[What to do] Exercise in exact copying: restate word for word only the lines below from the one containing "分配方案:部分代币分配给 WalletConnect 基金会、早期投资者、核心开发者、生态激励基金和用户空投等渠道。" through the one containing "Dunamaggan; County of", omitting any pictures.

[Material provided]
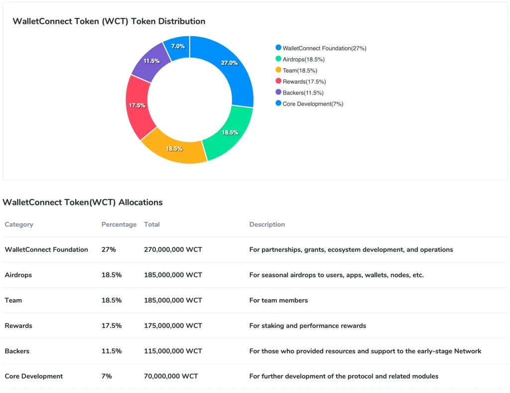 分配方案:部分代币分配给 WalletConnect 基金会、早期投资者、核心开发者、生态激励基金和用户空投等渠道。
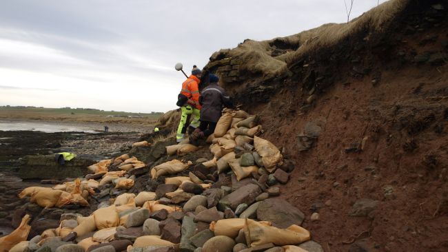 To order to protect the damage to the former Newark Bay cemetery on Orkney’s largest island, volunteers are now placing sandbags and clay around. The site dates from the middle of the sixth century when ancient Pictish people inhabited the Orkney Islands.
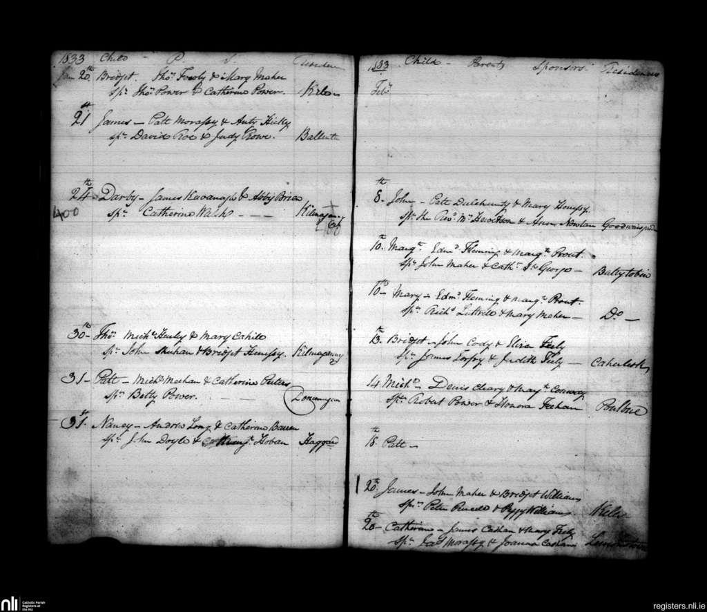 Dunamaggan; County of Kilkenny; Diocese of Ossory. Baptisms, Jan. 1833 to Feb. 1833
---
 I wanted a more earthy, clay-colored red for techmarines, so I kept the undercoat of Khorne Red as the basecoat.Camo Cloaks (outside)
==
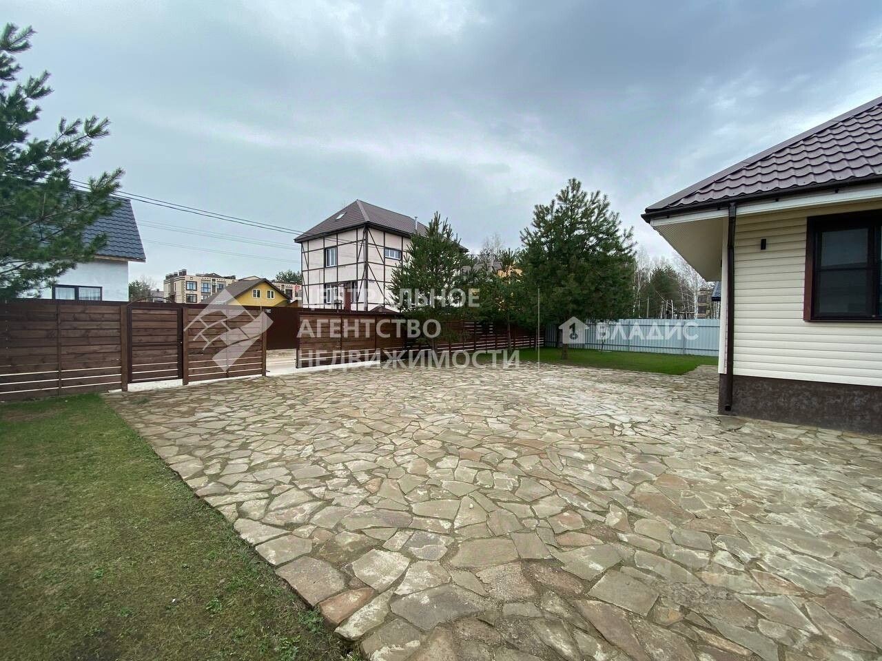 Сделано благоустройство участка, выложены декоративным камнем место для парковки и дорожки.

[Expected answer]
 分配方案:部分代币分配给 WalletConnect 基金会、早期投资者、核心开发者、生态激励基金和用户空投等渠道。
 To order to protect the damage to the former Newark Bay cemetery on Orkney’s largest island, volunteers are now placing sandbags and clay around. The site dates from the middle of the sixth century when ancient Pictish people inhabited the Orkney Islands.
 Dunamaggan; County of Kilkenny; Diocese of Ossory. Baptisms, Jan. 1833 to Feb. 1833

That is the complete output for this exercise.